## PROVIDED MATERIAL
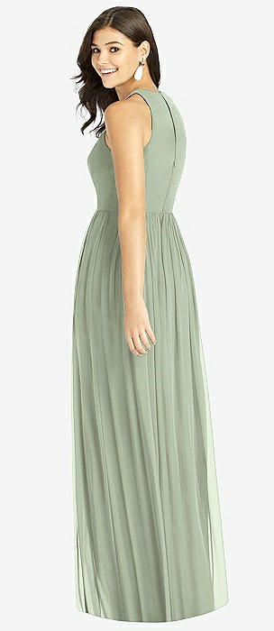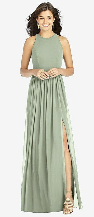 Shirred Skirt Jewel Neck Halter Dress with Front Slit in sage
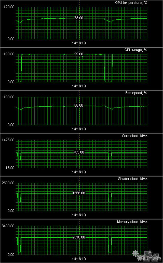Для снятия данных мониторинга карта проработала 6 часов под нагрузкой, и как видим, СО ускорителя продемонстрировала очень хорошую эффективность, так как в результате этого температура не поднялась выше 78 градусов, что для топового акселератора — просто прекрасно! И, как я уже говорил выше, в ходе такой длительной эксплуатации вентиляторы начинают работать на 60% и выше от своих максимальных оборотов, и СО в таких условиях тихой уже точно не назовешь.
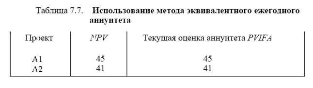 Рассмотрим проекты А1 и А2 с неравными сроками функционирования (табл. 7.6).

## BRIEF
The answer must be the full listing retyped exactly, with no pictures in it.

## EXERCISE ANSWER
 Shirred Skirt Jewel Neck Halter Dress with Front Slit in sage
Для снятия данных мониторинга карта проработала 6 часов под нагрузкой, и как видим, СО ускорителя продемонстрировала очень хорошую эффективность, так как в результате этого температура не поднялась выше 78 градусов, что для топового акселератора — просто прекрасно! И, как я уже говорил выше, в ходе такой длительной эксплуатации вентиляторы начинают работать на 60% и выше от своих максимальных оборотов, и СО в таких условиях тихой уже точно не назовешь.
 Рассмотрим проекты А1 и А2 с неравными сроками функционирования (табл. 7.6).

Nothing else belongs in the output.